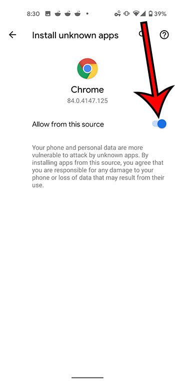 Dans l'image ci-dessous, j'autorise l'installation d'applications à partir du navigateur Chrome sur mon Pixel 4A. Notez la clause de non-responsabilité sur cet écran qui indique qu'en installant des applications à partir de cette source, vous acceptez d'être responsable de tout dommage causé à votre téléphone ou de toute perte de données pouvant résulter de leur utilisation.
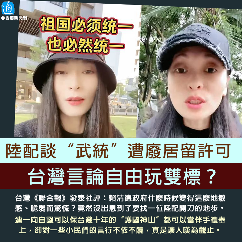 陸配談“武統”遭廢居留許可 台灣言論自由玩雙標?香港新聞網3月12日電 因在社交平台上講“兩岸統一”,陸配網紅竟遭台當局廢止居留許可,將面臨家庭分離等一系列問題…… 台灣“移民署”3月11日宣布,“依法”廢止大陸籍配偶網紅劉振亞的在台依親居留許可,並擇期安排其出境。理由是劉振亞在社交平台談及“大陸武統台灣”,影響社會安定。 劉振亞在大陸社交平台抖音的賬號“亞亞在台灣”有逾45萬名粉絲關注,她拍片分享在台灣的生活,也關注大陸的發展,並多次表示“兩岸一家親”。 台灣“移民署”聲稱,劉振亞的公開發言,如“大陸武力統一台灣,已經不需要其他理由”等,被認定“有危害安全或社會安定之虞”,因此“依法”展開調查。根據“大陸地區人民在台灣地區依親居留長期居留或定居許可辦法”,當局決定廢止其依親居留許可,並在5年內禁止其再申請依親居留。 劉振亞早前發布影片分享被“移民署”約談的過程。她提及,長達3小時的詢問中,工作人員詢問其家庭背景、拍片有無受人指使、有無向大陸官員拿錢等,並指她常在影片中提及大陸科技、軍事狀態,提及“武力統一”,涉及“恐嚇”等,“一直在類似問題上打轉,詢問變成盤問。” “兩岸統一是個人理想,有什麼不可以?統獨問題各大媒體都在談,怎麼我發表看法就不行?” 劉振亞質疑,台灣言論自由何在? 劉振亞強調,自己拍片初衷是希望兩岸同胞共榮,並無恐嚇意圖。“我是湖南人,嫁到台灣,兩岸都有親人,我才是最希望兩岸和平的,那些搞台獨分裂兩岸的,才是傷害台灣。” 此事在台灣引發討論。中國國民黨“立法院”黨團書記長王鴻薇今日(12日)表示,該陸配應享言論自由,台當局因此直接驅逐出境,會令大家質疑台灣的言論自由及法治。 王鴻薇質疑,該陸配還只是一介平民,就被如此對待,那長期接受外國資金贊助的民進黨“立委”沈伯洋,接觸到的是外事、防務相關機密資料,台當局都不用調查嗎? 台“內政部長”劉世芳同日辯稱,該陸配有言論自由,但言論自由不該是“支持武統”。 中國國務院台灣事務辦公室發言人陳斌華今日在例行記者會中痛批,民進黨當局用盡手段大肆打壓台灣持不同立場的聲音。再次暴露其所標榜的“自由”是鼓噪“台獨”的自由,是宣揚“抗中”的自由,既虛偽又雙標。如果任由民進黨當局到處濫用行政和司法手段,台灣民眾正當權益將遭到嚴重侵犯。 “賴清德政府什麼時候變得這麼地敏感、脆弱而驚慌?竟然沒出息到了要找一位陸配開刀的地步。”台灣《聯合報》亦發表社評指,如今的賴政府在外頭受了委屈、挫折,就在家裡頭打小孩出氣。現在眼見著烏克蘭被當了棄子,台灣恐也被當交易籌碼,賴政府不去思考如何自立自強、團結內部,竟還在怒吹集結號,如火如荼地搞起大罷免。
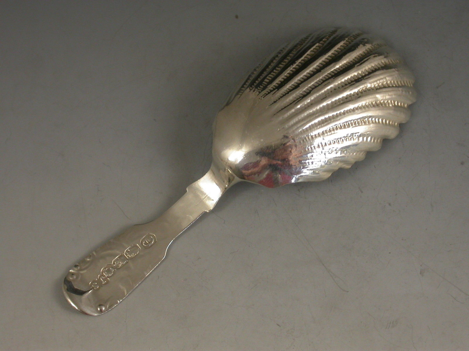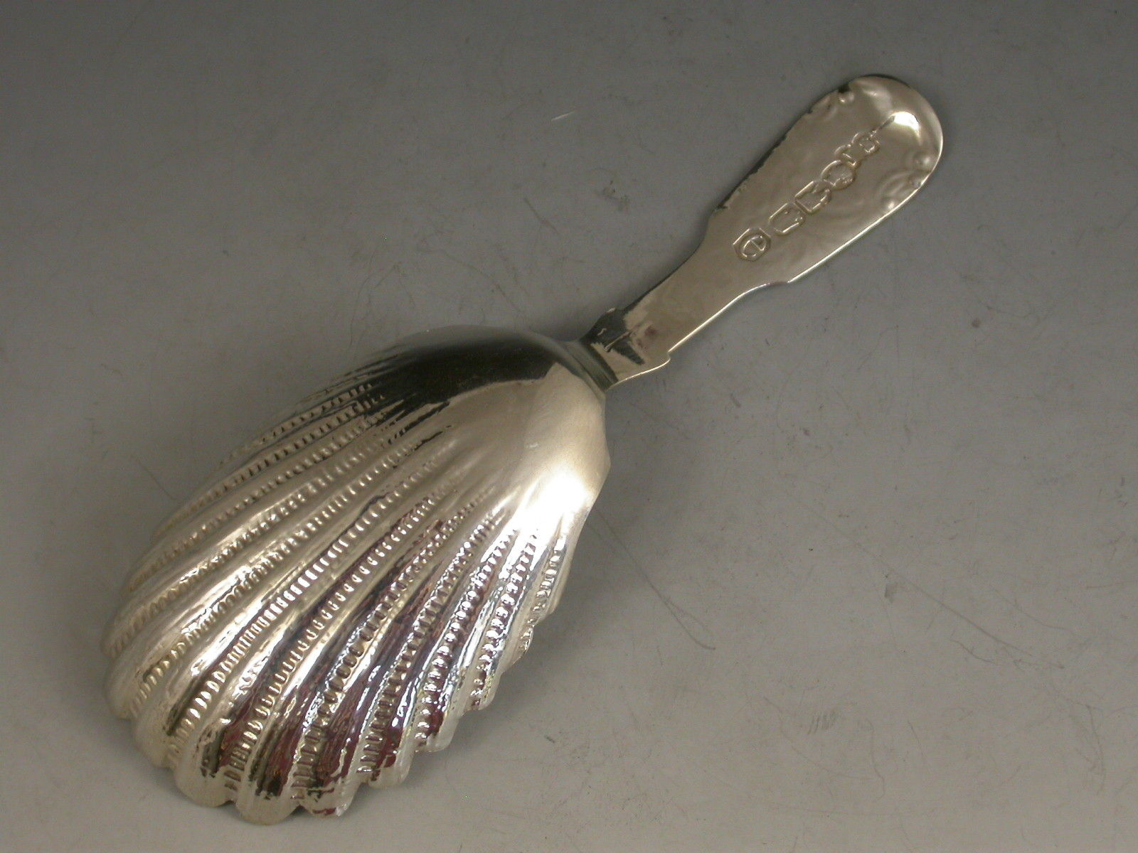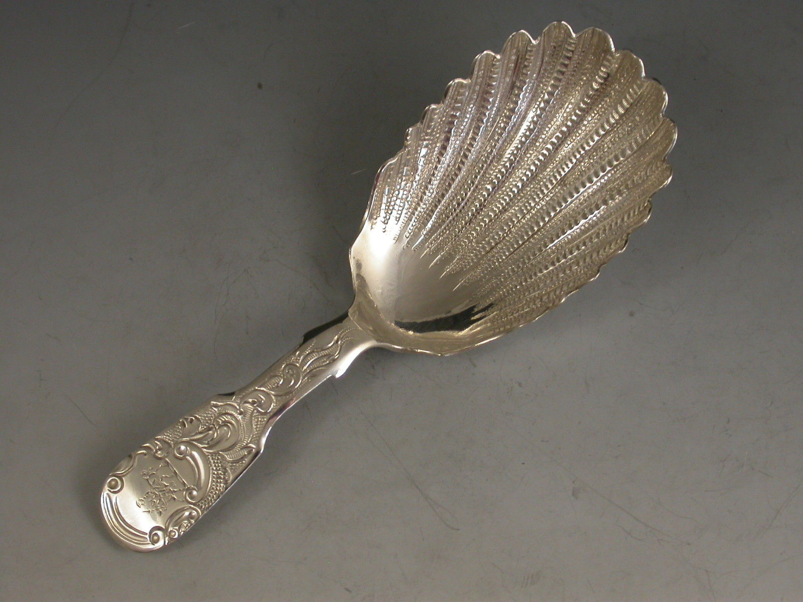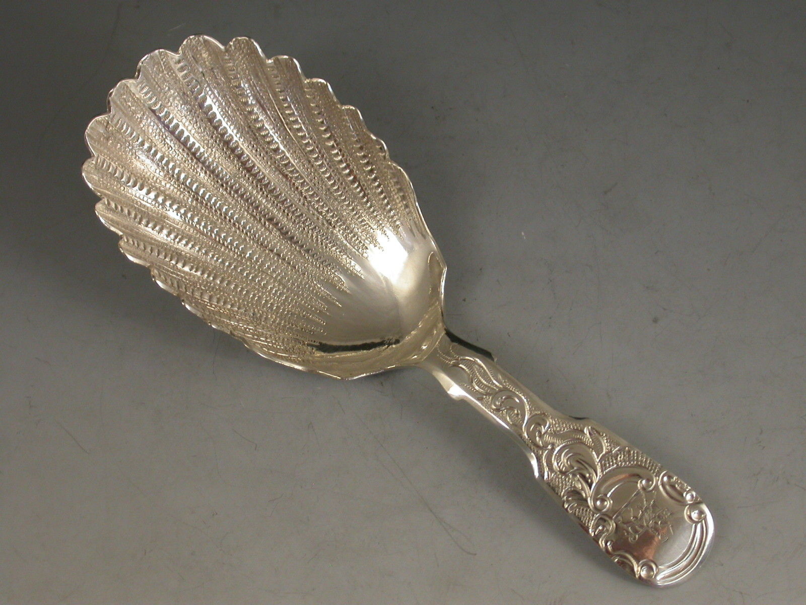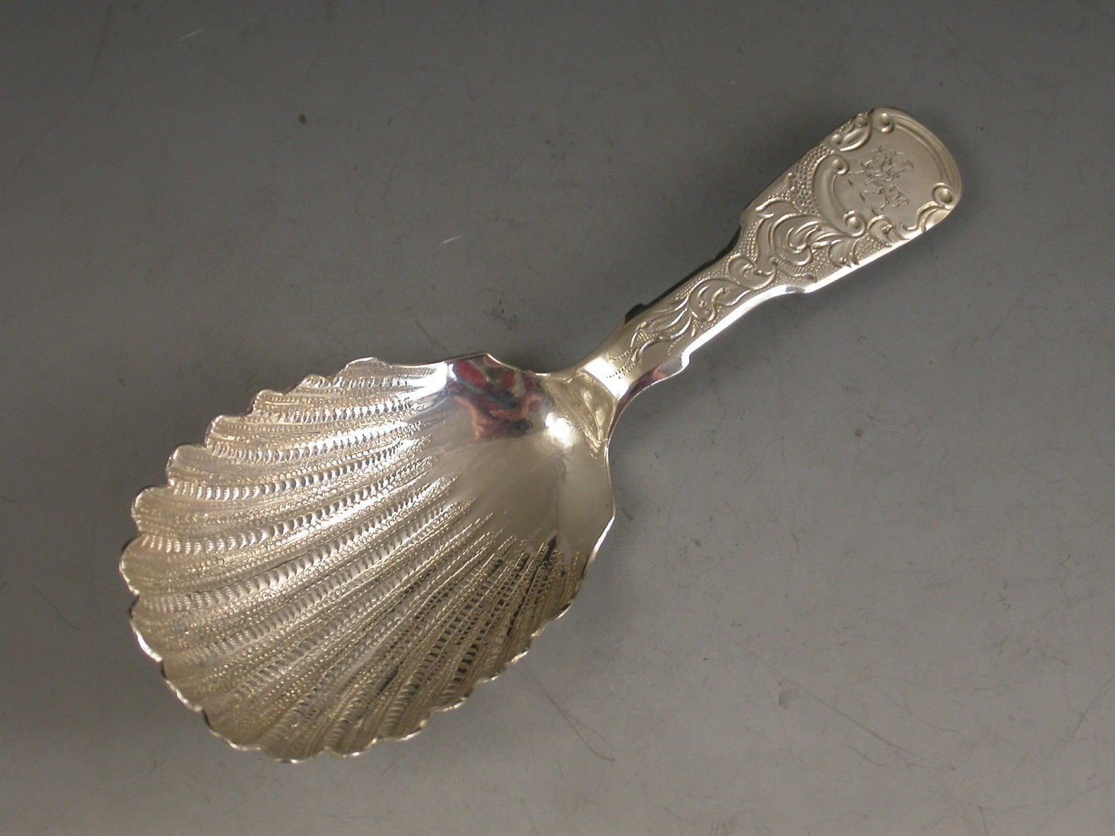 A good Victorian Irish silver Caddy Spoon with fluted shell shaped bowl, the handle with engraved decoration and engraved with a crest.
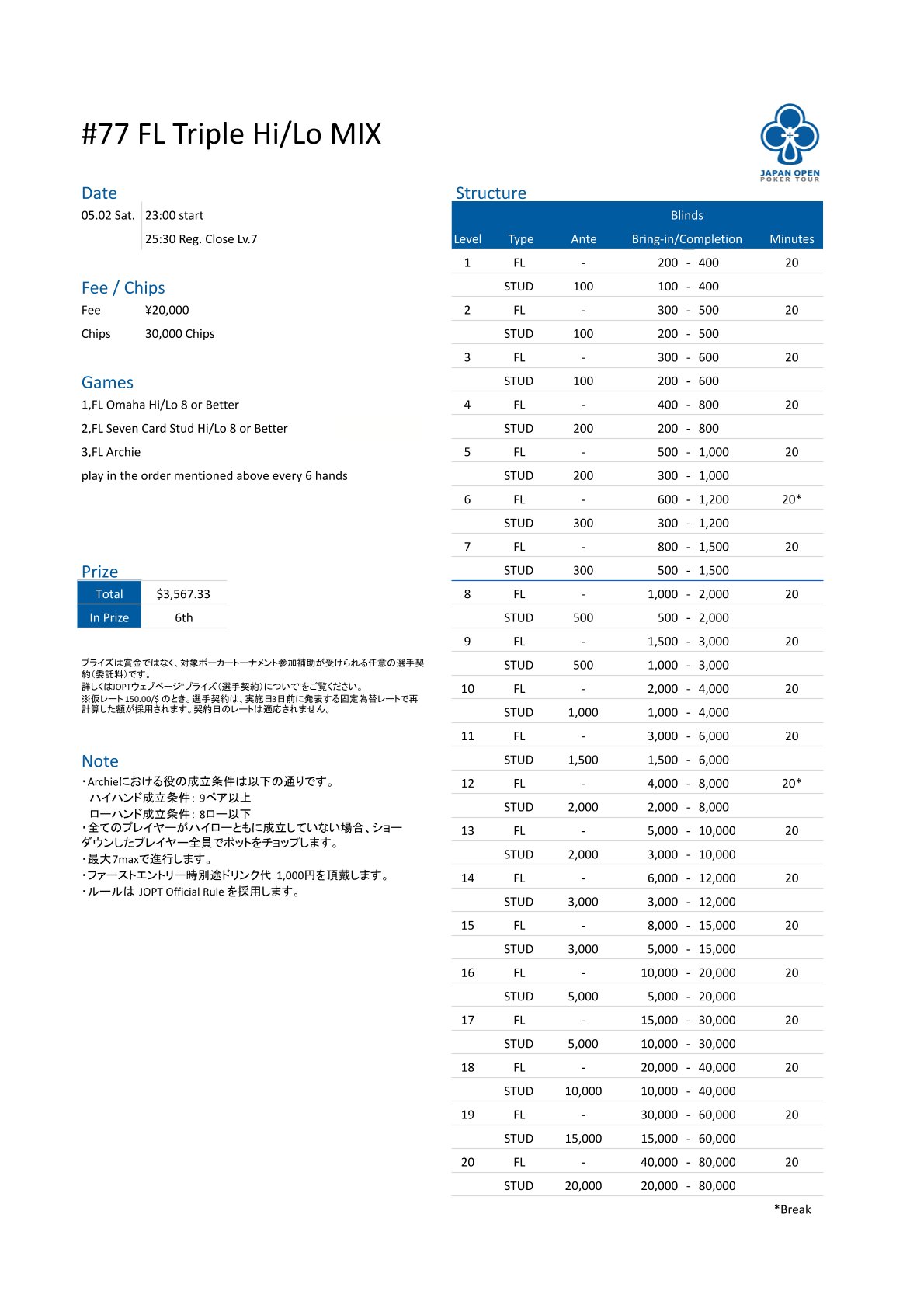 | 店舗名 | JAPAN OPEN POKER TOUR |

**WHAT TO DO**:
Could you reproduce the data above exactly, without its pictures?

**RESPONSE FOR THIS EXERCISE**:
 Dans l'image ci-dessous, j'autorise l'installation d'applications à partir du navigateur Chrome sur mon Pixel 4A. Notez la clause de non-responsabilité sur cet écran qui indique qu'en installant des applications à partir de cette source, vous acceptez d'être responsable de tout dommage causé à votre téléphone ou de toute perte de données pouvant résulter de leur utilisation.
 陸配談“武統”遭廢居留許可 台灣言論自由玩雙標?香港新聞網3月12日電 因在社交平台上講“兩岸統一”,陸配網紅竟遭台當局廢止居留許可,將面臨家庭分離等一系列問題…… 台灣“移民署”3月11日宣布,“依法”廢止大陸籍配偶網紅劉振亞的在台依親居留許可,並擇期安排其出境。理由是劉振亞在社交平台談及“大陸武統台灣”,影響社會安定。 劉振亞在大陸社交平台抖音的賬號“亞亞在台灣”有逾45萬名粉絲關注,她拍片分享在台灣的生活,也關注大陸的發展,並多次表示“兩岸一家親”。 台灣“移民署”聲稱,劉振亞的公開發言,如“大陸武力統一台灣,已經不需要其他理由”等,被認定“有危害安全或社會安定之虞”,因此“依法”展開調查。根據“大陸地區人民在台灣地區依親居留長期居留或定居許可辦法”,當局決定廢止其依親居留許可,並在5年內禁止其再申請依親居留。 劉振亞早前發布影片分享被“移民署”約談的過程。她提及,長達3小時的詢問中,工作人員詢問其家庭背景、拍片有無受人指使、有無向大陸官員拿錢等,並指她常在影片中提及大陸科技、軍事狀態,提及“武力統一”,涉及“恐嚇”等,“一直在類似問題上打轉,詢問變成盤問。” “兩岸統一是個人理想,有什麼不可以?統獨問題各大媒體都在談,怎麼我發表看法就不行?” 劉振亞質疑,台灣言論自由何在? 劉振亞強調,自己拍片初衷是希望兩岸同胞共榮,並無恐嚇意圖。“我是湖南人,嫁到台灣,兩岸都有親人,我才是最希望兩岸和平的,那些搞台獨分裂兩岸的,才是傷害台灣。” 此事在台灣引發討論。中國國民黨“立法院”黨團書記長王鴻薇今日(12日)表示,該陸配應享言論自由,台當局因此直接驅逐出境,會令大家質疑台灣的言論自由及法治。 王鴻薇質疑,該陸配還只是一介平民,就被如此對待,那長期接受外國資金贊助的民進黨“立委”沈伯洋,接觸到的是外事、防務相關機密資料,台當局都不用調查嗎? 台“內政部長”劉世芳同日辯稱,該陸配有言論自由,但言論自由不該是“支持武統”。 中國國務院台灣事務辦公室發言人陳斌華今日在例行記者會中痛批,民進黨當局用盡手段大肆打壓台灣持不同立場的聲音。再次暴露其所標榜的“自由”是鼓噪“台獨”的自由,是宣揚“抗中”的自由,既虛偽又雙標。如果任由民進黨當局到處濫用行政和司法手段,台灣民眾正當權益將遭到嚴重侵犯。 “賴清德政府什麼時候變得這麼地敏感、脆弱而驚慌?竟然沒出息到了要找一位陸配開刀的地步。”台灣《聯合報》亦發表社評指,如今的賴政府在外頭受了委屈、挫折,就在家裡頭打小孩出氣。現在眼見著烏克蘭被當了棄子,台灣恐也被當交易籌碼,賴政府不去思考如何自立自強、團結內部,竟還在怒吹集結號,如火如荼地搞起大罷免。
 A good Victorian Irish silver Caddy Spoon with fluted shell shaped bowl, the handle with engraved decoration and engraved with a crest.
 | 店舗名 | JAPAN OPEN POKER TOUR |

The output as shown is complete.